Paradigm evolutions occur in all facets of law enforcement. The Los Angeles “Watts riots” in 1965 and Charles Whitman’s murderous shooting spree at the University of Texas in 1966 led to the modern construct of Special Weapons and Tactics (SWAT) teams. The murder of two FBI agents by bank robbers on April 11, 1986, in the “FBI Miami Firefight” led to wholesale tactical changes inside the bureau; semiautomatic pistols replaced traditional revolvers as agent-issued sidearms. Fresh experience drives modernization.

Yet we continue to forget or ignore the abundant lessons of previous incidents and abandon the “best practices” that result from examination of them. Uvalde did not involve a lone, outgunned officer. In their 2015 textbook, Active Shooter, Kevin T. Doss and C. David Shepherd advise: “If only one officer first arrives at the site of the active shooting, will that officer immediately enter the structure to engage the shooter? The answer is not consistent across the United States; some police departments do not believe in a ‘solo officer’ response and may even prohibit officers from entering the building with fewer than a predetermined number of officers from the same department or agency to form an entry team.” While this directive is debatable—and I disagree with it—there were 19 available officers armed with twenty-first-century training who should have been allowed to confront the Uvalde attacker. I submit it was a clear mistake not to.

So, what now? I offer three recommendations going forward.

Adhere to the lessons that have already been learned. Responders advance to “sound of the guns” by applying dynamic-entry principles of “shoot, move, and communicate.” Ensure interoperability between responding agencies. Train together. Ensure preparedness for worst outcomes. Avoid a mindset that “it can’t happen here.” It can—and it might.

Resist the current “noise” about stripping police of funding, equipment, and proactivity. Those who feel that the comparative rarity of these crisis incidents justifies denial of military-style gear and equipment (armored vehicles, semiautomatic weaponry, and ballistic clothing/equipment) should analyze incidents like the North Hollywood shootout (1997), the San Bernardino attack (2015), and the Las Vegas music festival shooting (2017).

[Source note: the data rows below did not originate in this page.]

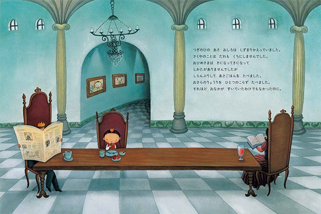 おひめさまは何がおきたのか気になってしかたありませんでしたが、しらんぷりして朝ごはんを食べました。
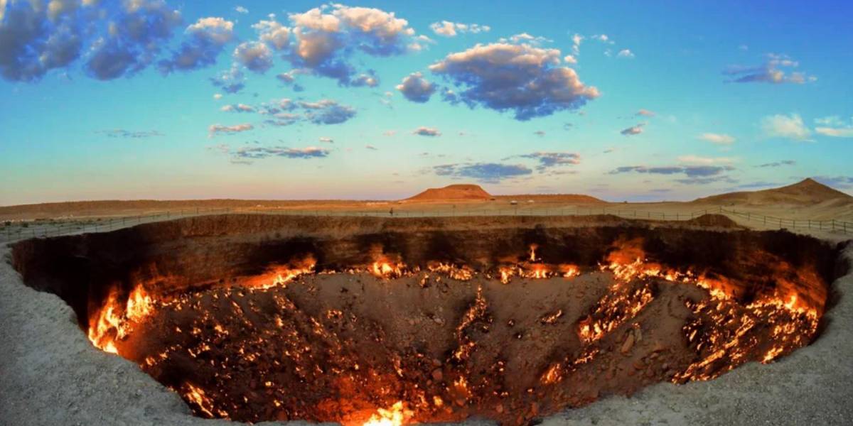El también denominado pozo de Darvaza es una gigante llama de gas natural que emerge de un cráter en el país de Asia central.
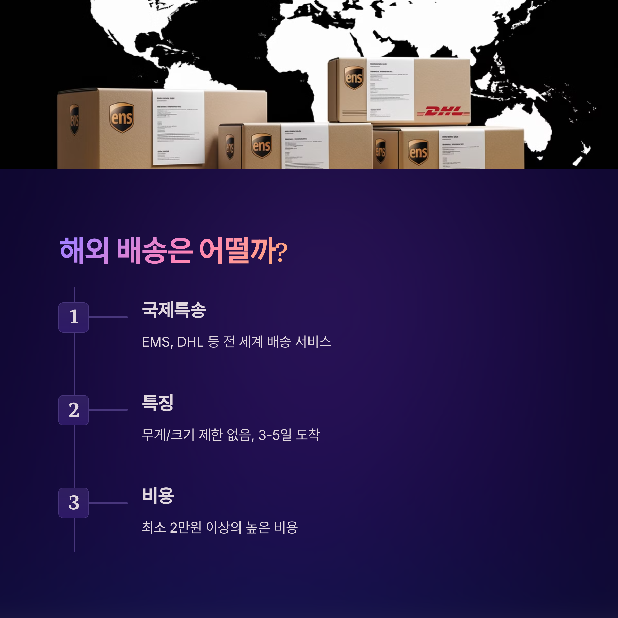 대표적인 해외 배송 서비스로는 EMS(국제우편), DHL, FedEx, UPS 등이 있어요. 일반적으로 해외 배송은 배송 속도가 빠를수록 요금이 높아지는 구조예요. 📦
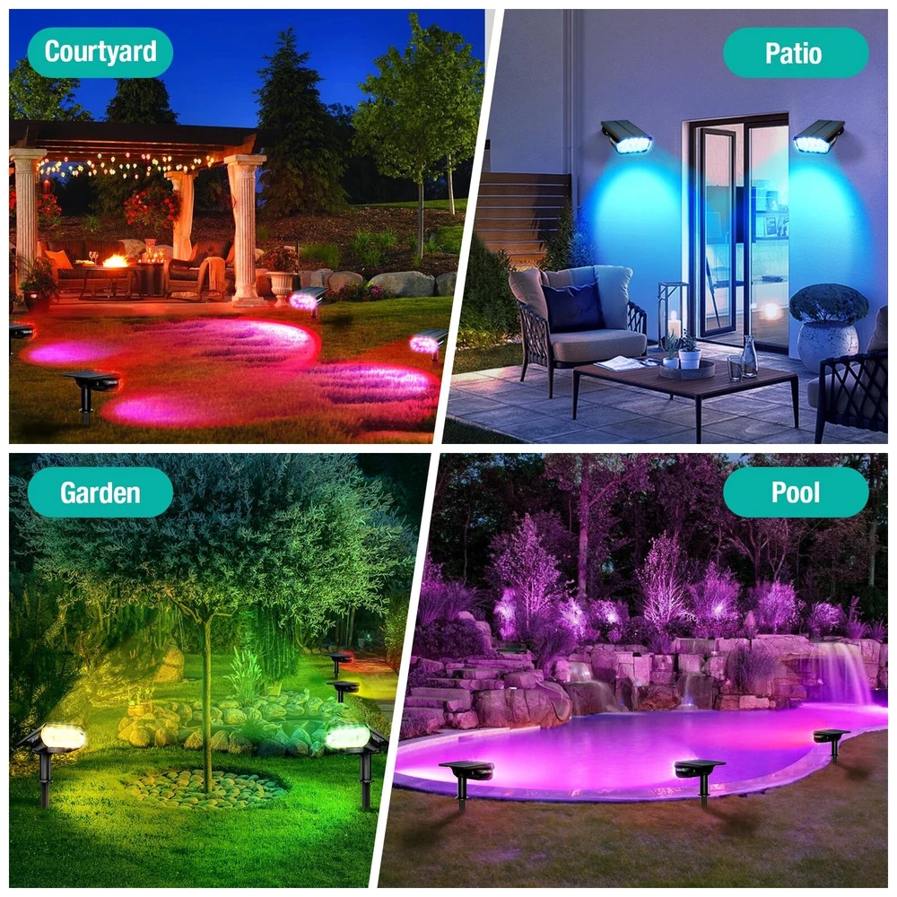 68 LEDs RGBW Solar Spot Lights Outdoor, 1000 Lumens 9 Lighting Modes Color Changing Solar Outdoor Lights, IP67 Waterproof Solar Spotlight 2-in-1 Landscape Garden Light for Yard Patio, 4 Pack Product Details Color: Multi-colored-4Pack Brand: AOUNQ MPN: AO-AO-USA 64LED Color UPC: 726929081462 EAN: 0726929081462 Brand: AOUNQ Color: Multi-colored-4Pack Material: High-impact ABS Plastic, High Efficiency Monocrystalline Silicon Style: Garden Light fixture form: Spotlight Product Dimensions : 5.7 x 4.13 x 9.84 inches; 2.42 Pounds Item model number : AO-AO-USA 64LED Color Batteries : 1 Lithium Ion batteries required. (included) Date First Available : September 20, 2023 Manufacturer : AOUNQ Country of Origin : China Customer Reviews: 4.0 4.0 out of 5 stars 253 ratings Brand: AOUNQ Color: Multi-colored-4Pack Material: High-impact ABS Plastic, High Efficiency Monocrystalline Silicon Style: Garden Light fixture form: Spotlight Room Type: Yard Product Dimensions: 5.7"L x 4.13"W x 9.84"H Specific Uses For Product: Provides bright and beautiful lighting for patios, decks, porches, walls, gardens, landscaping, pathways, flags, decorations, lawns, backyards, and more Indoor/Outdoor Usage: Outdoor Power Source: Battery-powered, Solar-powered, Or USB Charge Installation Type: 2-IN-1 Solar Spot Lights Outdoor: 1.With ground stakes and wall mounts. you can easily insert it into the ground as a solar landscape lights.2.Use screws (included) to fix it on the wall as a wall light Special Feature: Adjustable Color Temperature, New Super Bright 64 LEDs Solar Outdoor Lights for Yard Control Method: Touch Light Source Type: LED Finish Type: Polished Number of Light Sources: 64 Voltage: 5.5 Volts Theme: Flag Light Color: Multicolor Included Components: 4-pack lights in One Package, Each light consists of 64 led light Bulbs. Lighting Method: Adjustable Item Weight: 2.42 Pounds Number of Items: 4 Wattage: 2.1 watts Controller Type: Push Button Switch Type: Push Button Unit Count: 4.0 Count Water Resistance Level: Waterproof Brightness: 1000 Lumen Mounting Type: Wall Mount Fixture Type: Non Removable Assembly Required: No Manufacturer: AOUNQ UPC: 726929081462 Recommended Uses For Product: Light up trees or flags, porches, paths, swimming pools, patios, gardens, garages, driveways, paths, and more. Model Name: AO-AO-USA 64LED Color Part Number: AO-64-color Item Weight: 2.42 pounds Country of Origin: China Item model number: AO-AO-USA 64LED Color Batteries: 1 Lithium Ion batteries required. (included) Finish types: Polished Special Features: Adjustable Color Temperature, New Super Bright 64 LEDs Solar Outdoor Lights for Yard Batteries Included?: Yes Batteries Required?: Yes Bulb Features: Dimmable Color Temperature: 6500 Kelvin Date First Available: September 20, 2023 Super Bright 64 LEDs RGBW Solar Landscape Spotlight: The upgraded outdoor solar spotlight is equipped with an astonishing 64 RGBW LEDs (market leading), scientific and efficient LED arrangement makes it easy to generate 2700K~6500K+ 120o wide angle light output up to 1000 lm. Solar Spot Lights create the perfect lighting effect whether installed in the garden, yard or garage, pathway, etc. And let you enjoy the beautiful colored lights on the dark night without paying high electricity bills. 9 Lighting Modes of Outdoor Solar Lights & Auto ON/OFF: The solar lights outdoor waterproof have 9 lighting modes set to meet your needs in different scenarios-White, Rainbow, Red, Green, Blue, Lemon Yellow, Purple, Cyan, Color cycling, you can switch between modes by button. The solar panel of the solar spot lights have a light sensor, which can be automatically turned on and off according to the change of light in the environment. High-impact Material & IP67 Waterproof: High-strength PC+ABS material and thickened waterproof silicone layer design make the solar spotlights outdoor waterproof have strong IP67 waterproof and High-impact characteristics, can withstand the minimum -4F, the maximum 160F the external ambient temperature. Whether it is severe weather such as storm, heavy rain, snow, high temperature or other extreme weather, you can use solar lights with confidence. Efficient Solar or USB Charging & Longer Lighting Time: In addition to being equipped with larger area, more efficient polycrystalline silicon solar panels and 2000mAh battery, spot lights outdoor also supports "solar or USB charging" charging method, which can provide you with up to 20+ hours of lighting time in daily life; even in continuous cloudy days or lack of sunlight in winter, it can be powered by a USB charging cable (included) Fast charging, easy to solve your electricity anxiety. BUY "ONE" GET "TWO" - 2 In 1 Function & Easy Installation: With ground stakes and wall mounts, you can easily insert it into the ground as a solar landscape lights to illuminate your palm trees, agave, etc. It is fixed to the wall as a solar wall lights (with screws) to illuminate flag or wall. Both installations are easy to install and perfect for house, front door, yard, patio, fencing, garden, swimming pool, garage, driveway, pathway, porch, deck, flower bed and landscape lighting and more.

Local law enforcement must gather and retain institutional knowledge of likely targets. As FBI Senior SWAT Team Leader, I required SWAT operators to conduct site surveys of all cultural, historical, well-populated, and infrastructure targets. Homefield advantage may serve as a margin of victory when having to assault a committed attacker. Understand the domain. Identify points of contact and secure master keys or key cards to access secure spaces.

While I have great respect, affinity, and empathy for the officers thrust into this nightmarish situation last week in Texas, these criticisms are suggested in earnest. I do not offer these recommendations as a panacea or a one-size-fits-all solution. They will certainly not prevent the next school shooting. But I humbly submit that, if practiced rigorously, they may ultimately alter outcomes.